The Euro facing a downtrend against the Japanese Yen due to political uncertainty in France has caused the EUR/JPY to trade at 168.43, marking the second consecutive day of losses. The recent drop has been triggered by France’s presidential approval ratings hitting a five-year low ahead of the General Elections.
In terms of technical analysis, the EUR/JPY has been consolidating below the key level of 170.00, while still remaining above the Ichimoku Cloud (Kumo). The Relative Strength Index (RSI) shows that sellers are gaining momentum, with the indicator falling below the 50-line. This suggests that further losses could be on the horizon for the EUR/JPY pair.
If the EUR/JPY drops below the 50-day moving average (DMA) at 167.47, it could lead to a decline into the Kumo, indicating a potential acceleration of the downtrend. Key support levels to watch for include the bottom of the Kumo at 165.92 and the 100-DMA at 164.78. A breach of these support levels could signal a further downward movement for the EUR/JPY pair.

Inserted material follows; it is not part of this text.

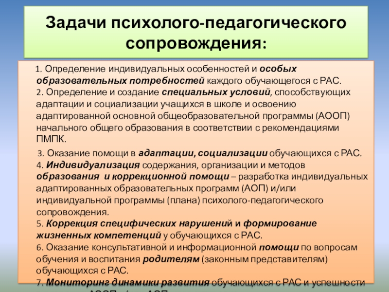4. Индивидуализация содержания, организации и методов образования и коррекционной помощи – разработка индивидуальных адаптированных образовательных программ (АОП) и/или индивидуальной программы (плана) психолого-педагогического сопровождения.
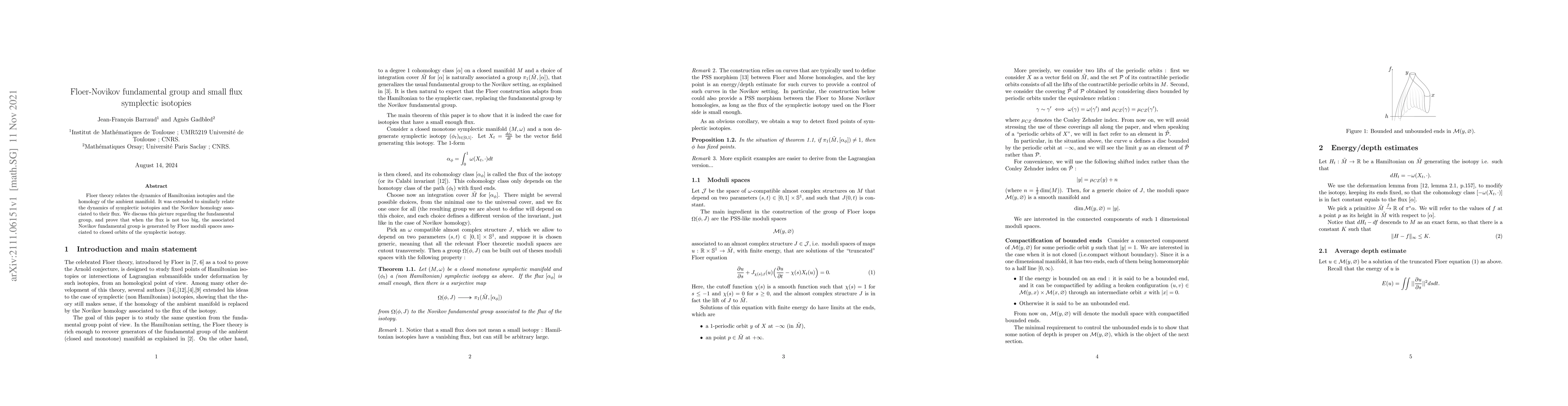 This paper explores the relationship between symplectic isotopies and Novikov homology, showing that under small flux conditions, the Novikov fundamental group is generated by Floer moduli spaces linked to closed orbits of the isotopy. The study extends Floer theory to symplectic isotopies.

Overall, the political uncertainty in France has impacted the Euro’s performance against the Japanese Yen, leading to a downtrend in the EUR/JPY pair. Traders are advised to closely monitor key technical levels, such as the 50-DMA and support levels at 165.92 and 164.78, to gauge the potential direction of the pair in the coming days. The RSI indicator also suggests that sellers are gaining control, indicating a bearish sentiment for the EUR/JPY in the short term.